In his work, A Monk Does Not Bow Down Before a King, Hui-yuan, a Chinese Buddhist monk, analyses amongst other questions, the role of change within Buddhism. He poses the question to himself, using Lao Tzu as a foil. Hui-yuan uses Lao Tzu’s understanding of heaven and earth and the nature of kings and princes to contrast his own Buddhist understanding of heaven and earth and the nature of kings and princes.

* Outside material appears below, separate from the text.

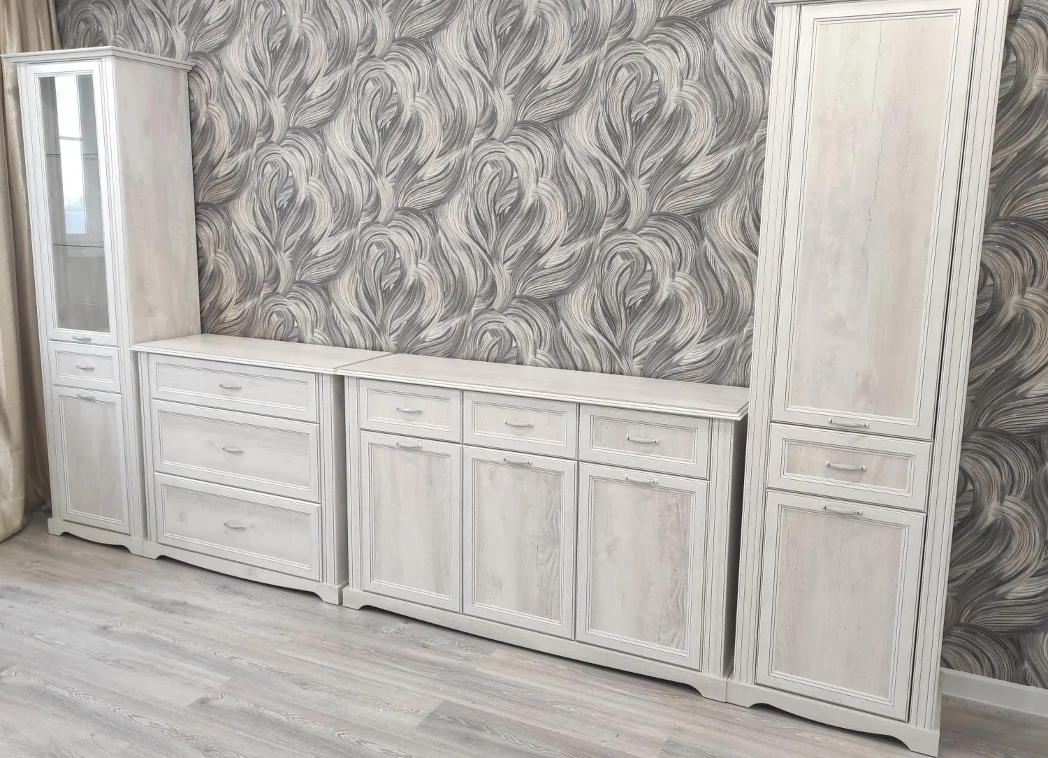 Светлая модульная система Сохо несет благородный дизайн и легкость цвета. Ручки металл, направляющие шариковые, фасад комбинированный рамочный. Все модули могут стоять в любом порядке.
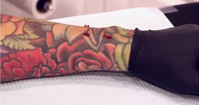 Nah, in all seriousness, I think Dave Hurban’s idea is pretty cool. That “I’m magnetic” look is kind of sexy (not). Dave is from Dynasty Tattoo in Jersey. His invention is called the iDermal, and it will alleviate the need for an iPod Nano wrist strap forever. You gotta admit, this is pretty darn creative. Apparently the magnets are small enough so they won’t set off a metal detector, and they won’t hurt your laptop when your wrist gets close to it. The magnets are also removable. They almost seem as simple as a piercing, but I’m sure there is more to it than that.

According to Hui-yuan, Lao Tzu’s understanding is based upon the fact that kings and princes are the embodiment of obedience, which is what gives them the right to command others to obey. Heaven and earth are “the source of the myriad changes”; whereas kings and princes “have the power of moving others [to obey].” (282). He writes: “Therefore the wise men of yore made this the subject of noble discourses, and from this the opinion of the multitude may not change.” (283) The subject mentioned refers to “the embodiment of the Ultimate must of necessity rely depend upon obedience to changes.” (283) Hui-yuan is thus questioning his own philosophy from the Taoist perspective, and more specifically the Buddhist understanding of change and development.
Hui-yuan’s response to his own critique offers an excellent perspective into Buddhist philosophy. Hui-yuan writes that there are only two categories of beings who are given life by “the Great Change”: “the soulful and the soulless”. (283) The soulful are those who have “feeling towards change” The soulless “have no feeling towards change”. (283) Those who have, as Hui-yuan asserts, “no feeling towards change”, their lives will end once they die. This, of course, is in reference to the Buddhist belief of reincarnation and karma. Change is Hui-yuan’s method of illustrating the build-up of karma over one “soulful” being’s time on earth. Hui-yuan also writes “Life is fettered by physical form, and life depends on change.” (283) Hui-yuan demonstrates the necessity of change in life as a means of understanding the variety of sins and actions in everyday life. Each action within a lifetime, as asserted by Hui-yuan, will have an impact on the next as Nirvana is changeless as everything is constantly in flux.
This question and answer is crucial to Hui-yuan’s argument of why a monk does not bow before a king. The understanding of change and karma as a never ending cycle provides the implication of Buddhists being inherently good citizens as they would not threaten their future lives with disobedience in their current lifetime. As such, Hui-yuan writes, Buddhist monks should not be expected to bow before their king, regardless of his status.